Finding Kirsty's voice
BRYAN I want to hear more about our narrator, Kirsty. Was it easy for you to find her voice?
ELY I think that was the only easy thing about the book. Um, for me, it’s about what I hear. And I’m really nosy. And I like to eariwig into people’s conversations. And I think Kirsty’s voice probably came from sitting on a bus, overhearing snatches of conversation. So it was there, embedded.
BRYAN When you start to grasp that voice, it becomes very easy to read the novel. Did you did you read aloud when you were writing it?
ELY Yes.
BRYAN And what did that do for you as a writer?

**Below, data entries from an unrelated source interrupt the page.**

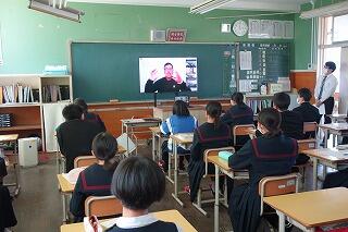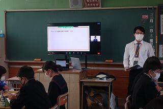 中学校1年生が、SDGsについて調べたことを小学校2年生に分かりやすく伝える「出前授業」を実施しました。本校の校区である2つの小学校に直接訪問して出前授業を実施する計画を立てていましたが、新型コロナウイルス感染症対策のためオンライン出前授業を実施しました。各クラス様々な方法で小学生に伝える工夫をしていました。
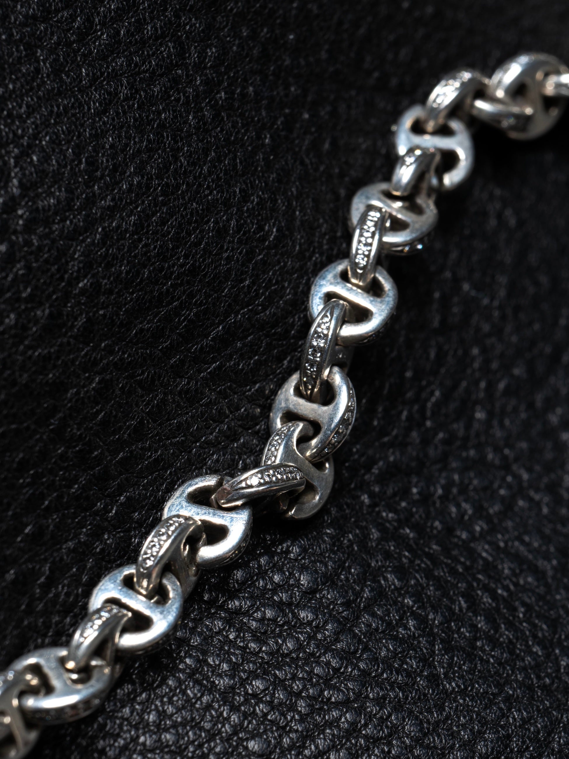 MICRO OPEN-LINKチェーンにホワイトダイヤのパヴェを施した、国内では未展開の特別なアイテムです。
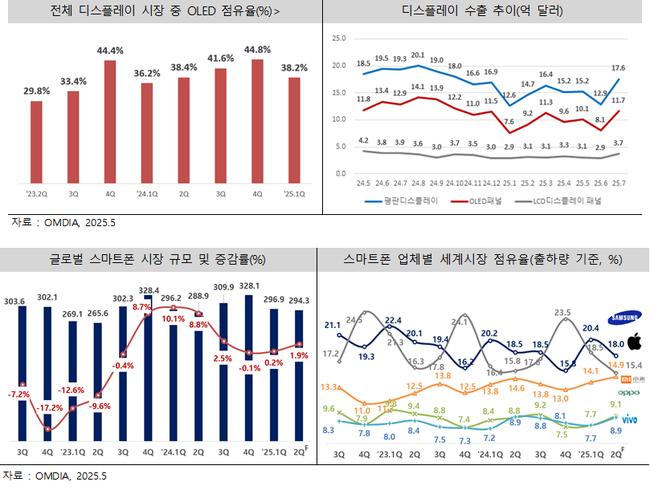 수입은 반도체(9.2%↑), 휴대폰(19.3%↑), 컴퓨터·주변기기(15.6%↑)가 증가세를 보였다. 특히 AI 수요 확대로 데이터센터용 GPU 수입은 전년 대비 749.7% 급증했고, 중대형컴퓨터 수입도 39.9% 증가했다. 반면, 디스플레이(-11.1%)와 통신장비(-14.1%) 수입은 줄었다.

ELY If I can’t, if it doesn’t sound right, then it’s not right. You can’t put that bit in. I would go through every single sentence, and I would, I would, I would read every single sentence, and then I would read it again and read it again and I would write. Okay. Where’s the rhythm, where’s the beat? Um, and then I would read maybe a paragraph and I’d go back, I keep going back and I’d read the whole thing and the bits that would have to come out, because it would just - if you stopped and it didn’t sound like somebody talking to you. I mean, Duck Feet is really like 70 monologues and a lot of publishers that would say to me, um, maybe if you change the spelling, maybe if you’d written in proper English, then we might publish it. And I’m like, what do you want me to write? My father has very poorly toes. It doesnae sound right. It just it’s totally wrong. It has to be the way that a 12 year old girl from Renfrew would tell the story. It’s just the way she talks.
Description
In this short video, Ely Percy talks about the power of reading out loud and how they found Kirsty’s narrative voice through overheard conversations.